» **What you need to do**
For the listing below, the answer is an exact retyping of the lines from the one with "(Beschädigte) Engelsskulptur auf" through the one with "Elégante fête florale", both included, without pictures.

**** Excerpted records

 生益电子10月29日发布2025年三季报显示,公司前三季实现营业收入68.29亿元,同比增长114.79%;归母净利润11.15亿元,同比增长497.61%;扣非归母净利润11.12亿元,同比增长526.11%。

********
**** Excerpted records

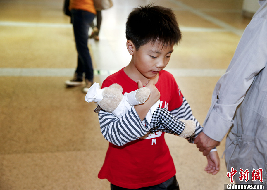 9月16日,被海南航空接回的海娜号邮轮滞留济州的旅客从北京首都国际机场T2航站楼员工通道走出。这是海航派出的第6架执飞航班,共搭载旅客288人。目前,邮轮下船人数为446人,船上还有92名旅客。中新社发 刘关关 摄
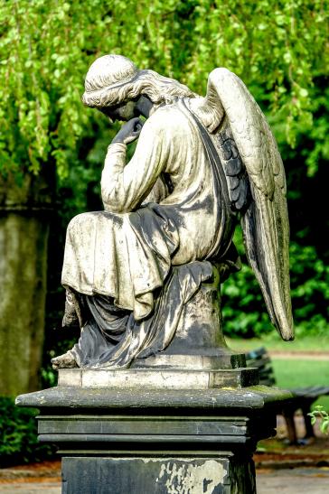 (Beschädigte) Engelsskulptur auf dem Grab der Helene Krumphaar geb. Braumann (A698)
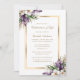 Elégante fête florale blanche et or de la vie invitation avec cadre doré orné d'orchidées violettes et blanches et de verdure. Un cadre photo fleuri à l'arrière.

********

» **Written solution**
 (Beschädigte) Engelsskulptur auf dem Grab der Helene Krumphaar geb. Braumann (A698)
 Elégante fête florale blanche et or de la vie invitation avec cadre doré orné d'orchidées violettes et blanches et de verdure. Un cadre photo fleuri à l'arrière.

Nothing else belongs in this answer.